Description of the task →
Retype the listing below line for line, but only from the line with "虚無ご飯🍝 ツナとほうれん草のパスタ🍝 醤油バターで" down to the line with "- Spill Proof", inclusive. Pictures stay out.

Provided data →
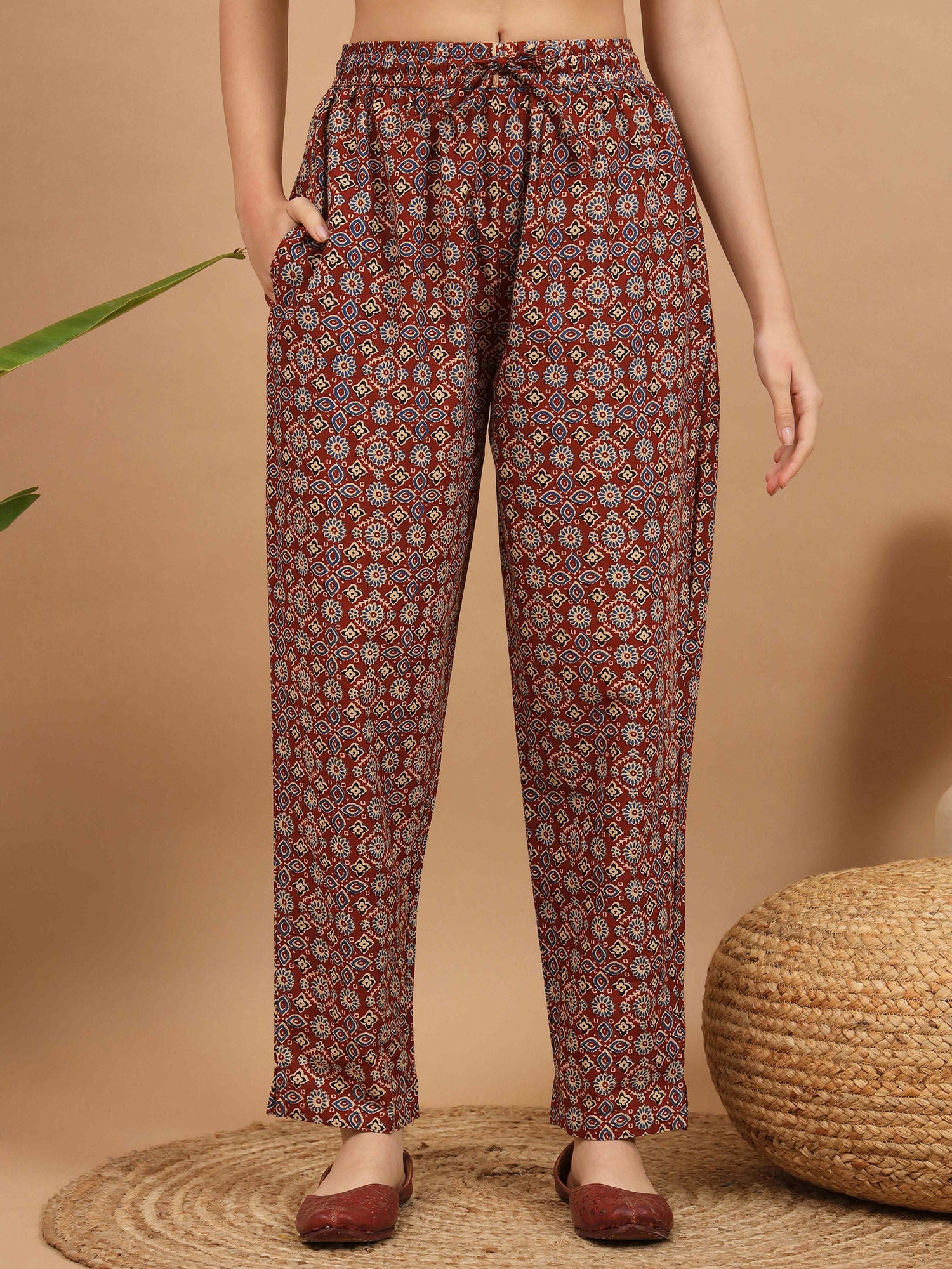 Women Floral Print Cotton Maroon Stitched Kurta Pant With Dupatta (Set of 3)
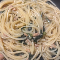 虚無ご飯🍝 ツナとほうれん草のパスタ🍝 醤油バターで 味をつけました👍 大好きな醤油バター 調子にのって 2人前くらいの パスタを湯掻いちゃって さすがにきつかった😃 でも美味しかったー‼️ ツナでパスタも ありだな💭 ツナ缶はストック してるので 色々冒険してみよう💭 👋
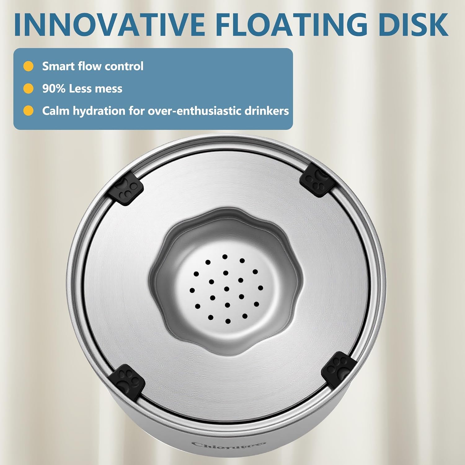 - Spill Proof : The Chioratree dog water bowl features an innovative floating disk design that automatically adjusts the water level to prevent splashing, keeping your space clean and dry at all times
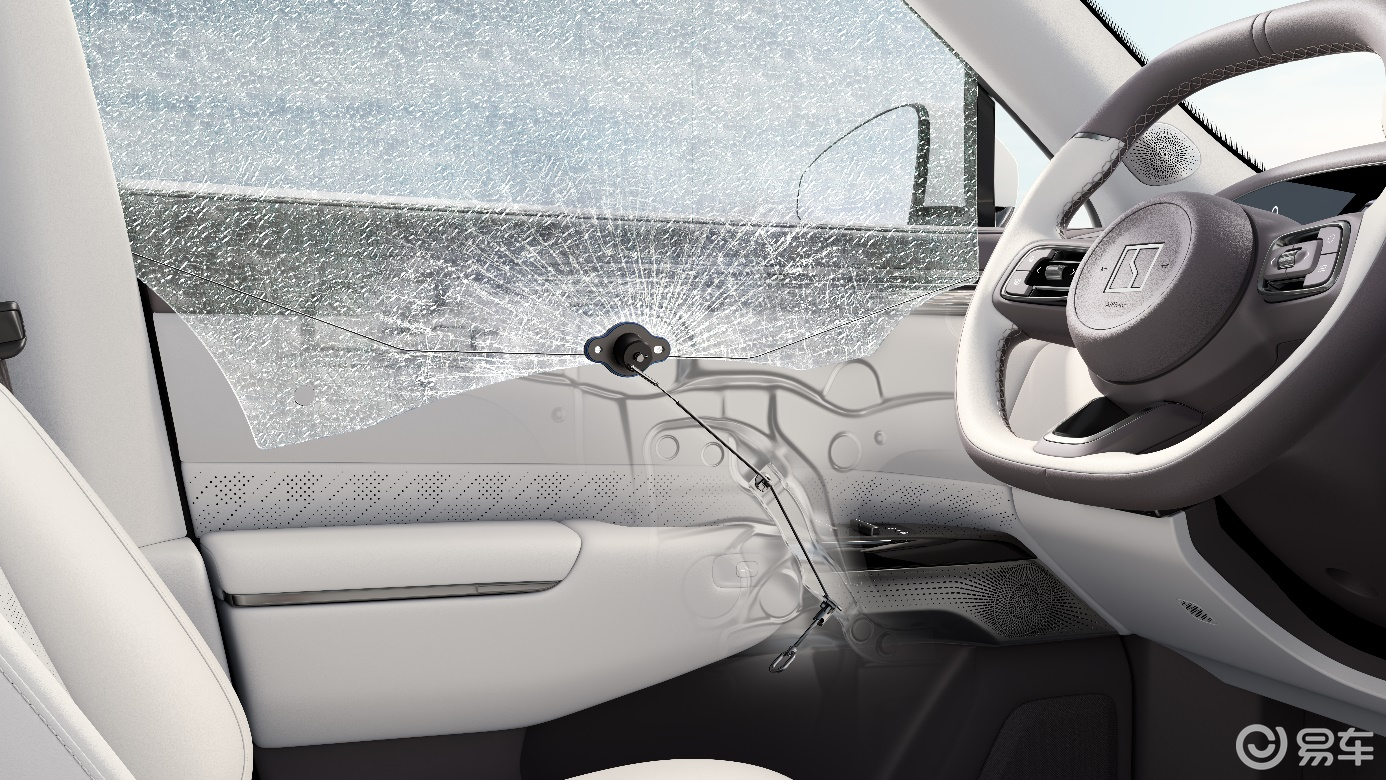 值得一提的是,区别于普通双层夹胶玻璃,焕新极氪7X采用外层3.5mm钢化玻璃+0.76mmPVB胶膜+ 内层1.1mm钢化玻璃的设计,表层压应力和内部张应力形成力学平衡,主驾安全破窗器可以轻松击穿。

Written response →
 虚無ご飯🍝 ツナとほうれん草のパスタ🍝 醤油バターで 味をつけました👍 大好きな醤油バター 調子にのって 2人前くらいの パスタを湯掻いちゃって さすがにきつかった😃 でも美味しかったー‼️ ツナでパスタも ありだな💭 ツナ缶はストック してるので 色々冒険してみよう💭 👋
 - Spill Proof : The Chioratree dog water bowl features an innovative floating disk design that automatically adjusts the water level to prevent splashing, keeping your space clean and dry at all times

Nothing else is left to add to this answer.